■ WHAT IS EXPECTED
What you return should be the full listing, word for word, without a single image.
(SUPPLIED INFORMATION begins)
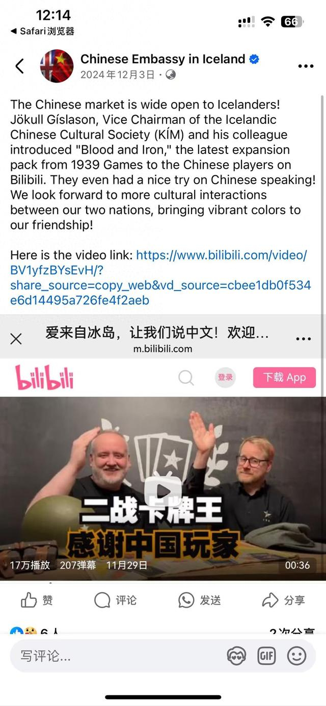 1939 Games和中国有着很深的渊源。如上所述,我们团队里有来自中国的开发者,还有对中国文化非常感兴趣的冰岛开发者,他目前还担任冰中友好协会副主席一职,为两国的文化交流做出了很多贡献,这位老伙计的照片甚至还在中国外交部的官方网站上出现过。去年11月冬季扩展更新的时候,我们在B站发布了一个用中文和中国社区玩家打招呼的视频,收到了非常积极的社区反馈,还意外得到了中国驻冰岛大使馆官方的关注和报道。
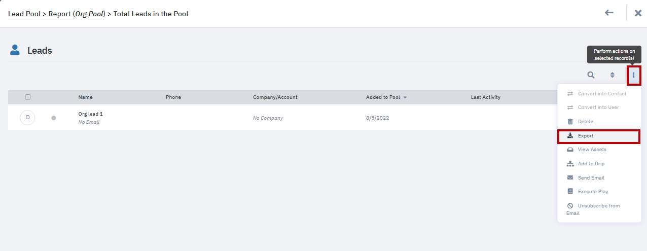3. Click on 'More' options and from the dropdown menu, select the "Report" option. This will open the report page for the selected lead pool.
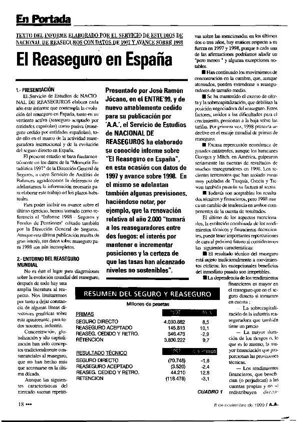En: Actualidad aseguradora. - Madrid. - nº 38, 8 de noviembre 1999 ; p. 18-26
(SUPPLIED INFORMATION ends)
■ ANSWER FOR THE TASK
 1939 Games和中国有着很深的渊源。如上所述,我们团队里有来自中国的开发者,还有对中国文化非常感兴趣的冰岛开发者,他目前还担任冰中友好协会副主席一职,为两国的文化交流做出了很多贡献,这位老伙计的照片甚至还在中国外交部的官方网站上出现过。去年11月冬季扩展更新的时候,我们在B站发布了一个用中文和中国社区玩家打招呼的视频,收到了非常积极的社区反馈,还意外得到了中国驻冰岛大使馆官方的关注和报道。
3. Click on 'More' options and from the dropdown menu, select the "Report" option. This will open the report page for the selected lead pool.
En: Actualidad aseguradora. - Madrid. - nº 38, 8 de noviembre 1999 ; p. 18-26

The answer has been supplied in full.